It is probably the great growth fantasies that have led the market to grant the U.S. stock such an ambitious valuation. In addition to its claim to leadership in electric cars, Tesla is also at the forefront of autonomous driving technology. Several million miles have already been successfully completed with the AI-based full self-driving beta version of Autopilot. In addition, a new segment is to be conquered with the Cybertruck. Delivery was once planned for the third quarter, however, Musk admitted during the most recent presentation of figures that there are enormous challenges in achieving mass production with the Cybertruck and then generating a positive cash flow with it. Nevertheless, the tech billionaire is sticking to the ambitious project. Starting November 30, the e-pickup is to be sold, and Musk would even like to deliver a quarter of a million Cybertrucks annually starting in 2025.
Full-blooded entrepreneurs are known for full-bodied promises. But as the recent sell-off on the stock market shows, confidence in the company's fundamental prospects currently seems to be waning. To now write off Tesla completely is certainly the wrong approach. The company is indispensable when it comes to e-mobility, and after all, Musk has proven in the past, albeit often with a delay, that many of his visions have become reality. This could be one reason why the majority of analysts have not given the high-tech carmaker the thumbs down. Of a total of 45 research reports, 20 resulted in a hold recommendation, 19 saw a buy opportunity and only a minority of half a dozen rated the S&P 500 stock as sell. This results in an average target price of USD 257, which corresponds to a theoretical upside potential of around one fifth.
The large number of uncertainties coupled with a deteriorating chart picture - the 200-day-average line has just been crossed to the downside - do not necessarily speak in favor of a direct investment in Tesla at present. The high volatility, however, provides the best conditions for a barrier reverse convertible (BRC). Leonteq has launched two new single softcallable BRCs with extraordinary coupons and low barriers. The CHF version offers a maximum yield of 13.00% p.a., while in USD 17.00% p.a. is possible within the maximum term of one year and three months. The first soft callable observation day, which could provide for an early redemption, takes place for both products after half a year. The double-digit percentage returns are well protected with high risk buffers of 51% each.

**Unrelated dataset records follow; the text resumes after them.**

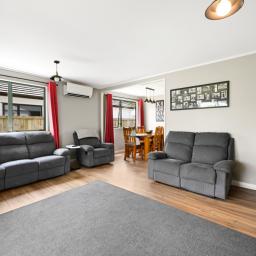 Step inside this inviting 3-bedroom home, where a tasteful interior creates a warm and welcoming atmosphere. The spacious living area seamlessly flows out to a sun-drenched deck and a fully-fenced backyard-ideal for kids, pets, and entertaining family and friends.
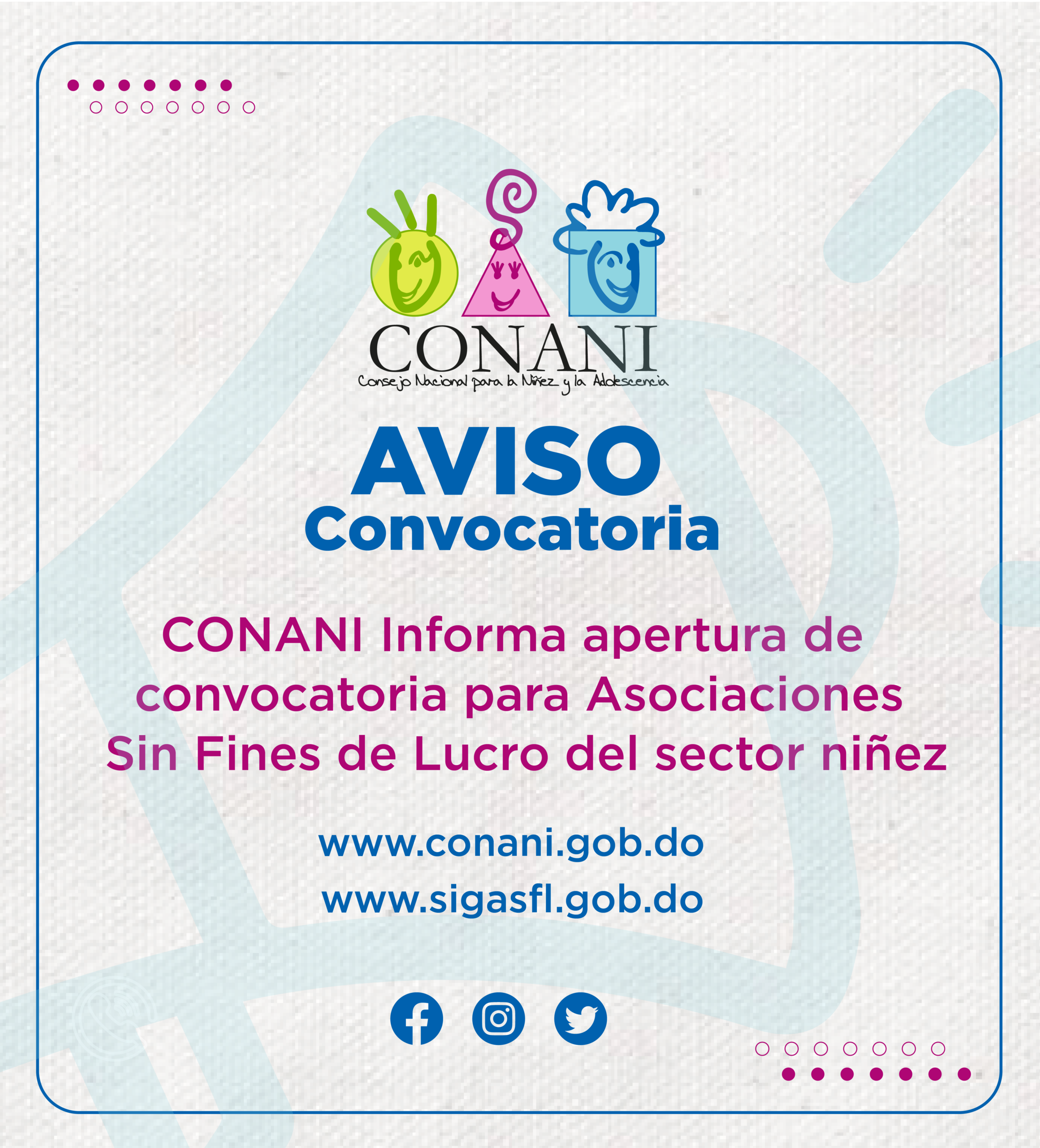 El Consejo Nacional para la Niñez y la Adolescencia (CONANI) llama a las asociaciones sin fines de lucro (ASFL) que trabajan en la protección, garantía y restitución de derechos de la niñez y la adolescencia en la República Dominicana a participar en la nueva convocatoria de solicitudes de asignaciones presupuestarias o subvenciones del Estado para el año 2027.
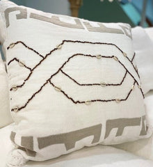 Linen cushion filled with feathers, hand beaded and stitched in India, featuring shell accents and appliqué work with African inspiration. Measuring 55cm x 55cm, this cushion brings a distinctive and elegant touch to any room.
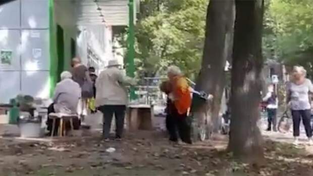 В ход идут все подручные средства. Одна из старушек нападает на соперницу с тростью и со всей силы лупит по спине. Но и та может за себя постоять — хватает и бьет обидчицу.

However, the safety function of the product due to the barrier is only one side of the coin. As Barrier Reverse Convertibles are securitised bonds, the solvency of the issuer is also of crucial importance for certificate holders in a worst-case scenario. In this respect, investors are in good hands with Leonteq. The renowned rating agency Fitch has just raised the long-term issuer default rating to "BBB" with a stable outlook.